> **Data records**:
_____

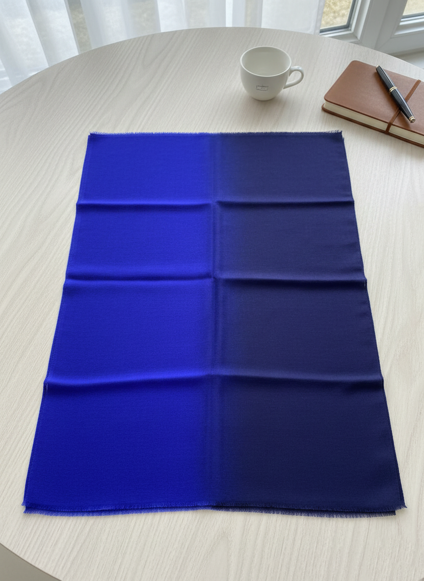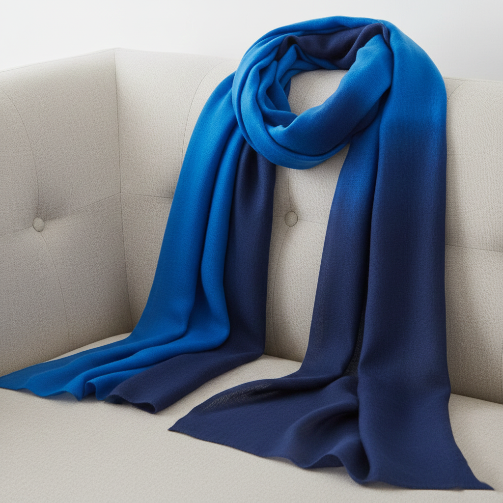 Design: The striking ombre pattern is achieved through meticulous dip-dyeing, ensuring a smooth and captivating blend where the light blue seamlessly fades into the dark blue. It features natural fringed edges (as seen in the image)
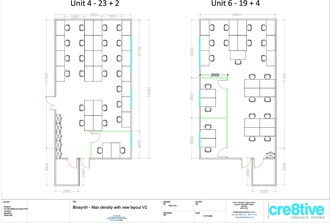 This project required 6 new external windows. We produced multiple layouts for the offices to show staff positions and ensured that the new window positions were mirrored in each of the other industrial units next door.
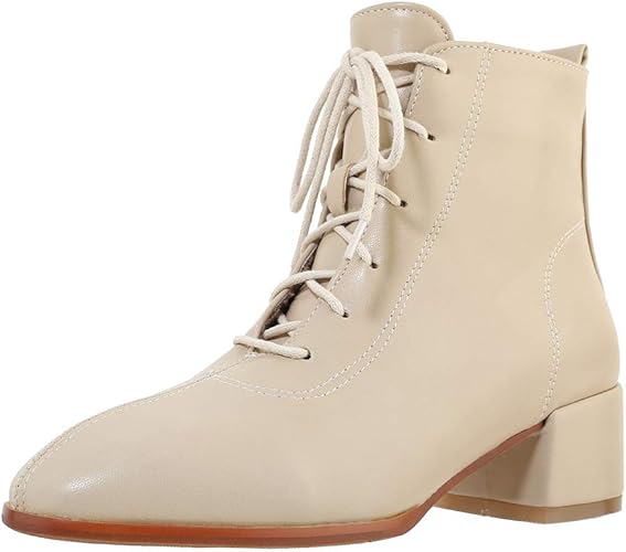 Sucreven Damen Blockabsatz Stiefeletten Schnuren Kleid Stiefeletten Square Toe Mitte Absatz Stiefeletten Amazon De Schuhe Handtaschen
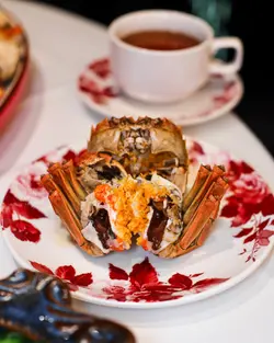 秋风起 系时候食大闸蟹啦🦀位于The ONE嘅潮.囍荟推出抵食大闸蟹套餐只只蟹都爆晒膏❤️蟹迷一定要试下🥰✨ 大闸蟹套餐 ($398/位)❀ 宫廷萝卜|拍蒜青瓜|沙姜猪手 🥢3款前菜够晒开胃~萝卜青瓜酸甜爽脆沙姜猪手啖啖骨胶原👅❀ 清蒸大闸蟹 (1公2母) 🦀当晚每只都有足足四两半😍公蟹及母蟹都爆晒膏劲吸引~拆开系饱满浓郁嘅蟹黄蟹膏口感丰腴甘香 非常鲜甜❤️❀ 滋补炖汤 🥣汤头以螺头、排骨及虫草花等熬制鲜香浓郁 好滋润❀ 油盐水石斑鱼 🐟有两大块石斑鱼鱼肉外皮烟韧 肉质厚实鲜嫩配埋鱼汤及粉丝 鲜味十足😚❀ 大澳海山骨 🐷炸到皮脆肉嫩 充满虾酱咸香风味 够晒惹味🥰❀ 鲜茄菌皇浸菜苗 🥬菜苗爽口清新 平衡味蕾有助解腻❀ 香芋糯米饭 🍚糯米饭炒得好香烟韧软糯 加入腊味及芋头粒满满饱足感👍🏻❀ 圆肉姜茶 🫚食蟹一定要配姜茶‼️姜味浓厚 暖胃又驱寒✨❀ 花雕酒 (+$98/瓶) 🍾…查看更多
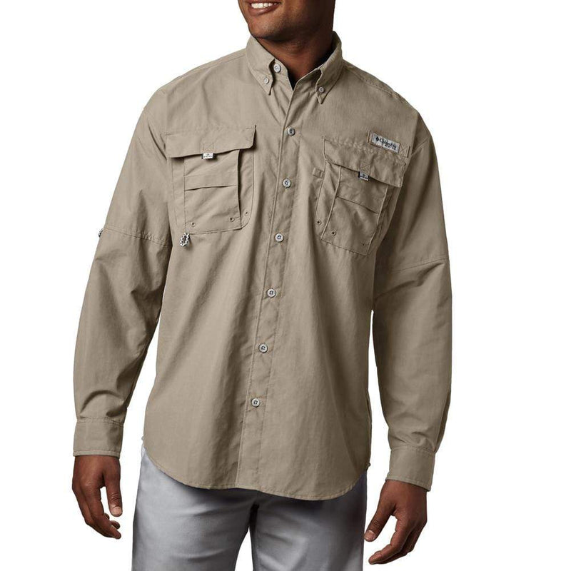 The hard-working Columbia Men's Bahama II Long Sleeve Shirt keeps you comfortable long after you've brought in your limit. Lightweight, durable nylon dries fast should you get splashed; mesh-lined cape vents at the back shoulder enhance airflow to keep you cool in the hottest conditions. Built-in UV protection keeps the sun off your back so you can stay out until you're ready to come in. Two big chest pockets offer plenty of room for small gear; long sleeves can be rolled up and secured with button tabs.
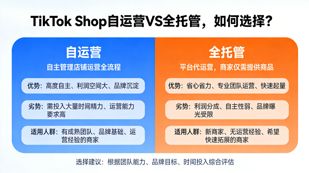 “自运营还是全托管?”当TikTok Shop入驻的两种模式摆在眼前,许多跨境卖家陷入选择困境。
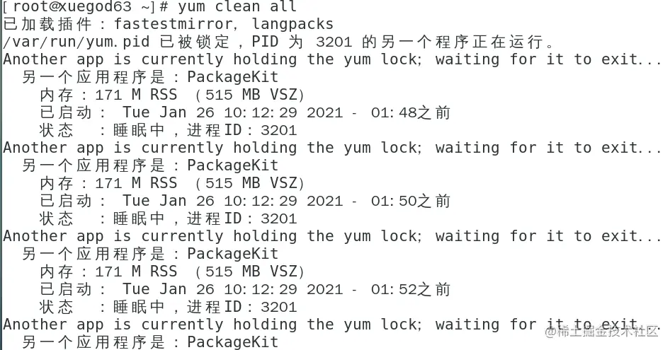 解决办法:rm -rf /var/run/yum.pid

_____

> **Work instructions**:
Your reply should consist solely of the lines above, from the opening line through the line with "秋风起 系时候食大闸蟹啦🦀位于The ONE嘅潮.囍荟推出抵食大闸蟹套餐只只蟹都爆晒膏❤️蟹迷一定要试下🥰✨", reproduced exactly and without pictures.

> **Reply**:
 Design: The striking ombre pattern is achieved through meticulous dip-dyeing, ensuring a smooth and captivating blend where the light blue seamlessly fades into the dark blue. It features natural fringed edges (as seen in the image)
 This project required 6 new external windows. We produced multiple layouts for the offices to show staff positions and ensured that the new window positions were mirrored in each of the other industrial units next door.
 Sucreven Damen Blockabsatz Stiefeletten Schnuren Kleid Stiefeletten Square Toe Mitte Absatz Stiefeletten Amazon De Schuhe Handtaschen
 秋风起 系时候食大闸蟹啦🦀位于The ONE嘅潮.囍荟推出抵食大闸蟹套餐只只蟹都爆晒膏❤️蟹迷一定要试下🥰✨ 大闸蟹套餐 ($398/位)❀ 宫廷萝卜|拍蒜青瓜|沙姜猪手 🥢3款前菜够晒开胃~萝卜青瓜酸甜爽脆沙姜猪手啖啖骨胶原👅❀ 清蒸大闸蟹 (1公2母) 🦀当晚每只都有足足四两半😍公蟹及母蟹都爆晒膏劲吸引~拆开系饱满浓郁嘅蟹黄蟹膏口感丰腴甘香 非常鲜甜❤️❀ 滋补炖汤 🥣汤头以螺头、排骨及虫草花等熬制鲜香浓郁 好滋润❀ 油盐水石斑鱼 🐟有两大块石斑鱼鱼肉外皮烟韧 肉质厚实鲜嫩配埋鱼汤及粉丝 鲜味十足😚❀ 大澳海山骨 🐷炸到皮脆肉嫩 充满虾酱咸香风味 够晒惹味🥰❀ 鲜茄菌皇浸菜苗 🥬菜苗爽口清新 平衡味蕾有助解腻❀ 香芋糯米饭 🍚糯米饭炒得好香烟韧软糯 加入腊味及芋头粒满满饱足感👍🏻❀ 圆肉姜茶 🫚食蟹一定要配姜茶‼️姜味浓厚 暖胃又驱寒✨❀ 花雕酒 (+$98/瓶) 🍾…查看更多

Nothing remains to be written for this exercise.